Most significant of all these changes was the very abolition of national origins ceilings based on fractions of the entire pool of permanent residents in the United States. In their stead arose impositions of annual 20,000-person maximums for applicants from the United States from individual nations, which were still very much improvements on the setup of their predecessors. 
Yet the effects of the 1965 INA were felt far beyond modifications made to immigration based on absolute numbers. In fact, some of the biggest influxes of immigrant groups came as a result of the removal of numerical limits on certain classes of prospective immigrants, notably those unmarried children of immigrants and other immediate relatives and others who possess some “exceptional ability” of certain use to the American workforce.
At the same time, Ted Kennedy and other supporters of these revisions (before they were passed into law) maintained that the new policies would not radically alter the face of the country, and to some extent, the verbiage of the Hart-Celler Act reflected this; the law specified that alien workers should not take the opportunities of American applicants.
Just the same, the freedom of foreign relatives from quota constraints via the insistence of said policymakers on the preservation of family would dramatically shape shifts in immigration trends to America. Latin American, Asian and African presences in the United States skyrocketed in the wake of the 1960’s version of the Immigration and Nationality Act, and it was only legislation like this that made watershed events such as Barack Obama becoming the first African-American president of the U.S. possible.

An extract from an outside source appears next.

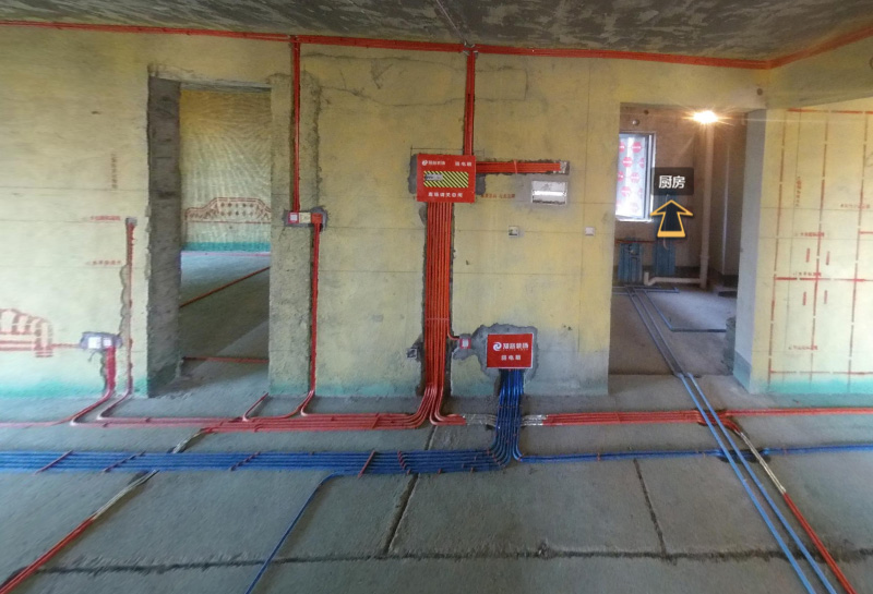 水電施工規(guī)范:1.根據(jù)設(shè)計(jì)要求,確定電路管線走向,標(biāo)高及開關(guān)插座的位置 2、電源線配線時(shí),所用導(dǎo)線截面積應(yīng)滿足用電設(shè)備 的最大輸出功率 3、暗線敷設(shè)必須套管,當(dāng)管線長(zhǎng)度超過15米或有2個(gè)直角彎時(shí)慶增設(shè)拉線盒,暗裝表面與墻面應(yīng)留10mm的批蕩位(粘貼性、熱脹冷縮) 4、同一回路,電線應(yīng)穿入同一根管內(nèi),但管內(nèi)總數(shù)不應(yīng)超過6根,電線總截面積(包括絕緣皮)不應(yīng)超過管內(nèi)截面積的40% 5、強(qiáng)電線與弱電線不能穿入同一根管內(nèi),不能共用一個(gè)底盒或相互經(jīng)過底盒,以防發(fā)生磁場(chǎng)干擾 3.所有水電線管敷設(shè)都應(yīng)保持橫平豎直,強(qiáng)弱電水平間距應(yīng)≥300mm,嚴(yán)禁同槽或同管敷設(shè)中期施工

Immigration and Nationality Act Amendments of 1981
Essentially, the 1981 amendments to the Immigration and Nationality Act of 1965 took the optimism and free-wheeling spirit of opening the doors to the United States of America wider and focused them in a more practical way, hammering down some of the specifics that were realistically neglected by the Hart-Celler Act and even that of the 1952 version of the legislation.
Perhaps most crucially, the provisions of the 1981 INA addressed abuses of the system that are inherent in America’s approach to allowing migrants to become part of the overall U.S. population, paying greater attention to the details of deportation and the smuggling of illegal immigrants to the country (the federal government was even afforded privileges to seize vehicles of permanent residents with probable cause to suspect their use in facilitating unlawful entry).
As one might expect, there were other facets of the 1981 INA amendments that did not involve the trappings of deportation law. Among these revisions were the elimination of a policy that required foreign residents to reassert the details of their residence, changes made to re-entry visa parameters and new paths to temporary residency for students and physicians alike.
Nonetheless, the 1981’s most lasting applications to American immigration policy would seem to favor the issue of deportation. Much in the way prior U.N. resolutions defined refugees on the basis of their country of origin, the INA amendments declared of deportees that 1) they should be returned to their country of origin/country of last residence, 2) if the country will not accept them, that the Attorney General should process their case, and 3) that the cost of any fines related to their removal be handled by a district customs director.
While these invocations of deportation law were arguably minor at the time, they did serve to re-address concerns previously left to the turn of the 19th century, and would come to have larger application to the growing issue of illegal immigration in subsequent decades.